(Beginning of EXERCISE MATERIAL)

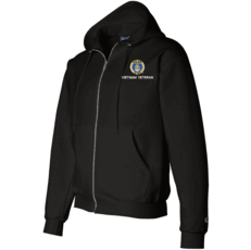 This Officially Licensed Product is direct embroidered onto a 9.5 oz 50/50 Cotton Poly blend Full Zip Hooded Sweatshirt. These Hoodies are custom embroidered at our facilities in USA.
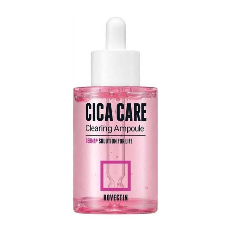 Rovectin Cica Care Clearing Ampoule is an ampoule that soothes irritated and sensitive skin with highly concentrated centella asiatica and pinkish calamine.
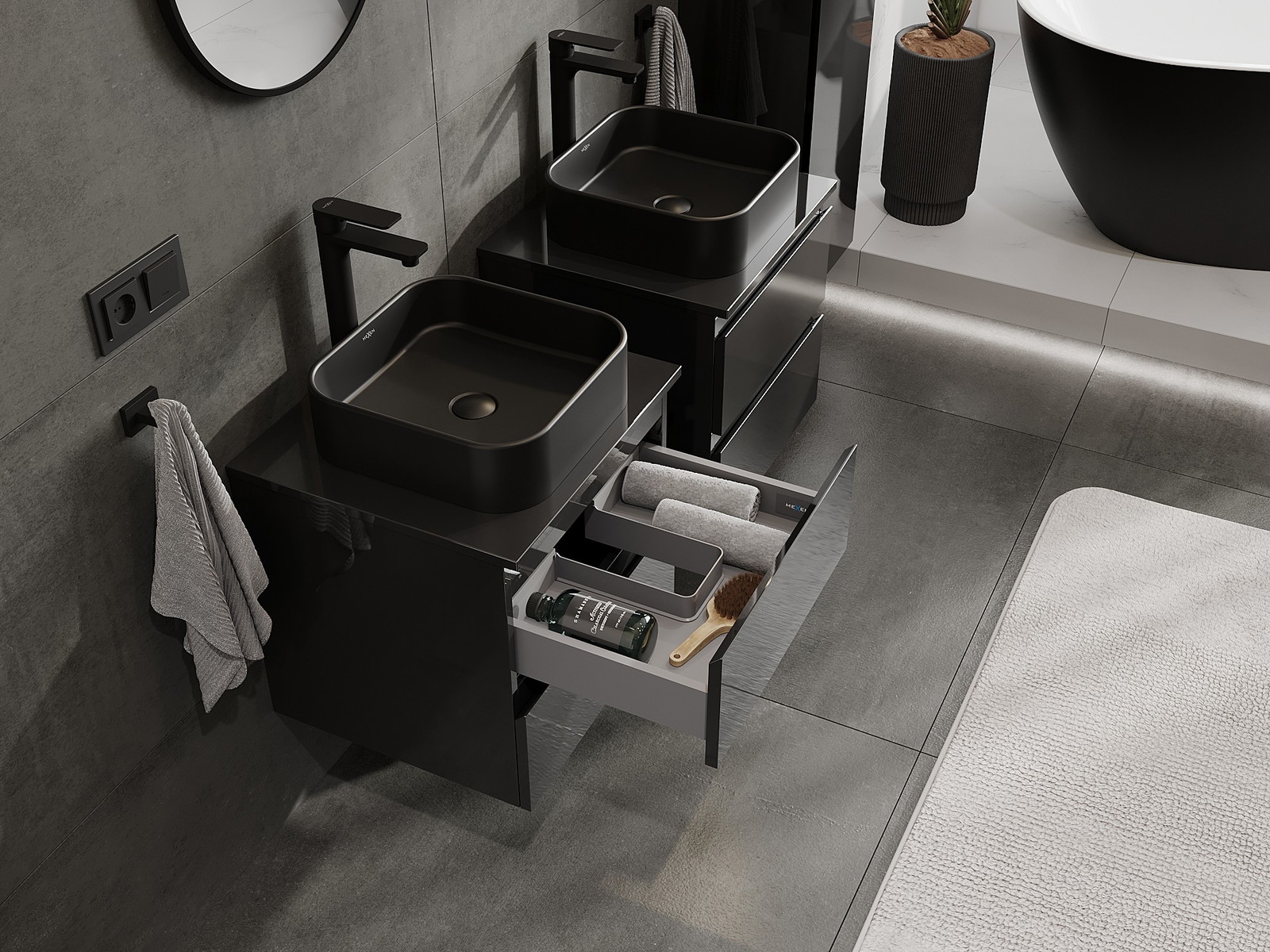 Výřez v zásuvce je navržen tak, aby pojmul sifon, který je nezbytný v instalacích umyvadlových. Díky tomu může být nábytek plně funkčně namontován, aniž by bylo nutné vzdát se prostoru v zásuvce ve prospěch instalace.
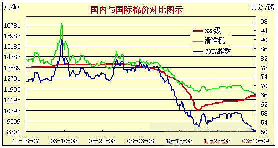 09年2月2日-09年3月10日國內(nèi)外棉價對比圖表
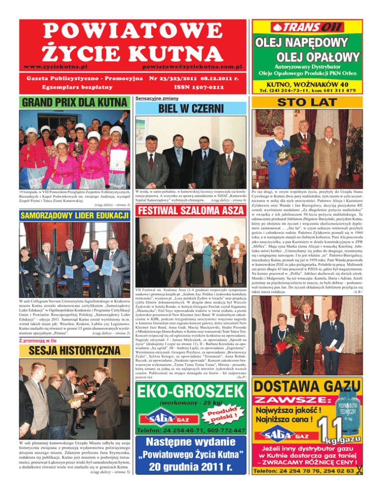 P OWIATO W E ŻYCIE KUTNA www.zyciekutna.pl [email protected] Gazeta Publicystyczno − Promocyjna Egzemplarz bezpłatny GRAND PRIX DLA KUTNA 19 listopada, w VIII Pomorskim Przegl¹dzie Zespo³ów Folklorystycznych, Biesiadnych i Kapel Podwórkowych im. wiêtego Andrzeja, wyst¹pi³ Zespó³ Pieni i Tañca Ziemi Kutnowskiej. (ci¹g dalszy - strona 3) SAMORZĄDOWY LIDER EDUKACJI W auli Collegium Novum Uniwersytetu Jagielloñskiego w Krakowie miasto Kutno zosta³o uhonorowane certyfikatem Samorz¹dowy Lider Edukacji w Ogólnopolskim Konkursie i Programie Certyfikacji Gmin i Powiatów Rzeczpospolitej Polskiej Samorz¹dowy Lider Edukacji - edycja 2011. Samorz¹d Kutna zosta³ wyró¿niony m.in. wród takich miast jak: Wroc³aw, Kraków, Lublin czy Legionowo. Kutno znalaz³o siê równie¿ w gronie 15 gmin uhonorowanych wyró¿nieniem specjalnym Primus. (ci¹g dalszy - strona 2) Z promocj¹ w tle SESJA HISTORYCZNA W sali plenarnej kutnowskiego Urzêdu Miasta odby³a siê sesja historyczna zwi¹zana z promocj¹ wydawnictwa powiêconego dziejom naszego miasta. Zdaniem profesora Jana Szymczaka, redaktora tej publikacji, Kutno jest miastem o podwójnej to¿samoci, poniewa¿ £¹koszyn przez wieki by³ samodzielnym bytem, a dodatkowo równie¿ wiele wsi znalaz³o siê w granicach Kutna. (ci¹g dalszy - strona 5) Nr 23/323/2011 08.12.2011 r. ISSN 1507−0212 Sensacyjne zmiany BIEL W CZERNI W rodê, w samo po³udnie, w kutnowskiej lecznicy rozpoczê³a siê konferencja prasowa. A wszystko za spraw¹ zatrudnienia w NZOZ Kutnowski Szpital Samorz¹dowy wybitnych chirurgów. (ci¹g dalszy - strona 6) FESTIWAL SZALOMA ASZA VII Festiwal im. Szaloma Asza (1-4 grudnia) rozpoczê³o sympozjum naukowe i promocja ksi¹¿ki pt. Szalom Asz. Polskie i ¿ydowskie konteksty twórczoci, wystawa pt. Losy polskich ¯ydów w Izraelu oraz projekcja cyklu filmów dokumentalnych. W drugim dniu atrakcj¹ by³ Wieczór ¯ydowski w hotelu Rondo, w którym Grzegorz Pawlak czyta³ fragmenty Miasteczka; Etel Szyc wprowadza³a widzów w wiat szabatu, a pieni ¿ydowskie prezentowa³ New Klezmer Jazz Band. W niedzielnym zakoñczeniu w KDK, podczas trzygodzinnej uroczystoci wrêczono nagrody w konursie literackim oraz zagrano koncert galowy, który uwietnili New Klezmer Jazz Band, Anna Gadt, Maciej Maciejewski, Studio Piosenki z M³odzie¿owego Domu Kultury w Kutnie oraz warszawski Teatr Tañca Test. Koncert rozpocz¹³ siê od og³oszenia wyników konkursu na opowiadanie. Nagrody otrzymali: I - Janusz Mielczarek, za opowiadanie Sposób na ¿ycie (drukujemy I czêæ na stronie 11), II - Barbara Kresiñska za opowiadanie Jej ogród, III - Andrzej £¹cki, za opowiadanie Zagro¿enie. Wyró¿nienia otrzymali: Grzegorz Przybysz, za opowiadanie Brwinowscy ¯ydzi, Sylwia Krieger, za opowiadanie "Testament", Anna RobakReczek, za opowiadanie Naukrate opowiada. Koncert zakoñczono brawurowym wykonaniem Tzena Tzena Tzena Tzena, Mirona - piosenki, któr¹ uznano za jedn¹ ze stu najlepszych utworów ¿ydowskich wszech czasów. Publicznoæ na stoj¹co domaga³a sie bisów - hit zapiewano jeszcze raz. /Ja.P./ Następne wydanie „Powiatowego Życia Kutna” 20 grudnia 2011 r. STO LAT Po raz drugi, w swym wspólnym ¿yciu, przyby³y do Urzêdu Stanu Cywilnego w Kutnie dwie pary ma³¿eñskie, tym razem w celu uczestniczenia w mi³ej dla nich uroczystoci. Pañstwo Alicja i Kazimierz Zylakowie oraz Wanda i Jan Bierzgalscy, decyzj¹ prezydenta RP, zostali wyró¿nieni medalami Za d³ugoletnie po¿ycie ma³¿eñskie w zwi¹zku z ich jubileuszem 50-lecia po¿ycia ma³¿eñskiego. Te odznaczenia przekaza³ Jubilatom Zbigniew Burzyñski, prezydent Kutna, który po z³o¿eniu im ¿yczeñ i wrêczeniu okolicznociowych dyplomów zaintonowa³ Sto lat, w czym ochoczo wtórowali przybyli gocie i cz³onkowie rodzin. Pañstwo Zylakowie poznali siê w 1960 roku, a w nastêpnym stanêli na lubnym kobiercu. Pani Ala pracowa³a jako nauczycielka, a pan Kazimierz w dziale konstrukcyjnym w ZPR Miflex. Maj¹ syna Marka (¿ona Alicja) i wnuczkê Karolinê. Jubilatka mówi krótko: Umiechamy siê jedno do drugiego, rozumiemy siê i ustêpujemy nawzajem. I to jest w³anie to. Pañstwo Bierzgalscy, mieszkañcy Kutna, poznali siê ju¿ w 1959 roku. Pani Wanda pracowa³a w kutnowskim ZOZ-ie jako pielêgniarka. Polubi³a tê pracê. Ma³¿onek za przez d³ugie 43 lata pracowa³ w PZGS-ie, gdzie by³ magazynierem. Na koniec pracowa³ w Polfie. Jubilaci dochowali siê dwóch córek: Moniki i Ma³gorzaty. S¹ te¿ wnuczêta: Kamila, Daria i Adrian. Je¿eli jestemy na piêædziesiêcioleciu to znaczy, ¿e by³o dobrze podsumowa³ rozmowê pan Jan. Do ¿yczeñ sk³adanych Jubilatom przy³¹cza siê tak¿e nasza redakcja. /A.B./ ¯YCIE KOLOROWE SAMORZĄDOWY LIDER EDUKACJI (ci¹g dalszy ze strony 1) Podczas gali fina³owej miasto reprezentowali: Zbigniew Wdowiak - zastêpca prezydenta miasta Kutno, Mariusz Sikora - przewodnicz¹cy Komisji Edukacji, Kultury, Sportu i Informacji Rady Miasta oraz Jaros³aw Kotliñski - naczelnik Wydzia³u Edukacji, Kultury i Sportu Urzêdu Miasta Kutna. Certyfikat Samorz¹dowy Lider Edukacji jest potwierdzeniem du¿ej aktywnoci miasta Kutna w zakresie budowy i modernizacji obiektów sportowych oraz prowadzonych termomodernizacji obiektów szkolnych. W przypadku wyró¿nienia specjalnego Primus kapitu³a konkursowa wysoko oceni³a realizacjê projektów edukacyjnych finansowanych ze rodków Europejskiego Funduszu Spo³ecznego, tj. Arystoteles w Kutnie, Po pierwsze edukacja, Ludzie mali - doskonali oraz grantów owiatowych na innowacyjne dzia³ania edukacyjne. Przyznane wyró¿nienia w sposób szczególny podkrelaj¹ ró¿norodnoæ dzia³añ samorz¹du miasta Kutna w zapewnieniu coraz lepszych warunków do edukacji dzieci i m³odzie¿y. W konkursie, organizowanym przez Fundacjê Rozwoju Edukacji i Szkolnictwa Wy¿szego, udzia³ wziê³o 170 gmin i powiatów. Patronat honorowy nad konkursem sprawuj¹: przewodnicz¹cy Parlamentu Europejskiego prof. Jerzy

(End of EXERCISE MATERIAL)

WHAT IS EXPECTED => Print, exactly, each line above from the one with "Výřez v zásuvce" to the one with "09年2月2日-09年3月10日國內(nèi)外棉價對比圖表", end lines included. Leave pictures out of it.

RESPONSE BELOW =>
 Výřez v zásuvce je navržen tak, aby pojmul sifon, který je nezbytný v instalacích umyvadlových. Díky tomu může být nábytek plně funkčně namontován, aniž by bylo nutné vzdát se prostoru v zásuvce ve prospěch instalace.
 09年2月2日-09年3月10日國內(nèi)外棉價對比圖表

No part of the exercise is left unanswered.